● **Work to be completed**: The following data has a line with "-спальня 21,5м2" and a line with "December 14, 2025 |". Write out exactly those lines and all the lines between them.

● **Data supplied**:
┌────────
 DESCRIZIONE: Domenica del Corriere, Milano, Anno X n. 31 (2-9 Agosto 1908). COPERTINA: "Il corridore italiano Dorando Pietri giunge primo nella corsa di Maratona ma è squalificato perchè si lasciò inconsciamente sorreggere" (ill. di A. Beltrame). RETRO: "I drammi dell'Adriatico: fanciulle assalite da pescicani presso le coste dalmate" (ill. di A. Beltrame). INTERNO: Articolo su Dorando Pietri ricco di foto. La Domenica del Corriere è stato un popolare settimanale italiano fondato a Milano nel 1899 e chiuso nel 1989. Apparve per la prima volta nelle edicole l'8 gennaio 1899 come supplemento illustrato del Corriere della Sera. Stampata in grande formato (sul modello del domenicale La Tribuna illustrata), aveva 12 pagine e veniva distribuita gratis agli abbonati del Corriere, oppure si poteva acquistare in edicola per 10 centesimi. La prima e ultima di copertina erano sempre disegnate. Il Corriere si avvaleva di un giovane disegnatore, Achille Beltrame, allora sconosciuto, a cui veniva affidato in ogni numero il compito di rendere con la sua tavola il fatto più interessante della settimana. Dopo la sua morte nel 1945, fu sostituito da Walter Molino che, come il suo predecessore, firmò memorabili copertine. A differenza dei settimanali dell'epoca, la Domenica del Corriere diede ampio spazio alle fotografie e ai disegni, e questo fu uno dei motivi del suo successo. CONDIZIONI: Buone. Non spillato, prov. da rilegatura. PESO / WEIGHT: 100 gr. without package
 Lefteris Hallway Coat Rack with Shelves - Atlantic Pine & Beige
└────────
┌────────
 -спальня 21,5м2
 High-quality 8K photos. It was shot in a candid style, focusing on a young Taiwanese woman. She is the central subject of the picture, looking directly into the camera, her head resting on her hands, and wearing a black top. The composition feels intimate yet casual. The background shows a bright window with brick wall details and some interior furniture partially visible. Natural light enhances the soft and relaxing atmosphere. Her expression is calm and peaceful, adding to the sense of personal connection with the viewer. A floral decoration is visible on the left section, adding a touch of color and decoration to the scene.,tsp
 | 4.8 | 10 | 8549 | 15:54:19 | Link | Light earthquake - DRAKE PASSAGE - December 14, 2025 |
└────────
● **Reply to the task**:
 -спальня 21,5м2
 High-quality 8K photos. It was shot in a candid style, focusing on a young Taiwanese woman. She is the central subject of the picture, looking directly into the camera, her head resting on her hands, and wearing a black top. The composition feels intimate yet casual. The background shows a bright window with brick wall details and some interior furniture partially visible. Natural light enhances the soft and relaxing atmosphere. Her expression is calm and peaceful, adding to the sense of personal connection with the viewer. A floral decoration is visible on the left section, adding a touch of color and decoration to the scene.,tsp
 | 4.8 | 10 | 8549 | 15:54:19 | Link | Light earthquake - DRAKE PASSAGE - December 14, 2025 |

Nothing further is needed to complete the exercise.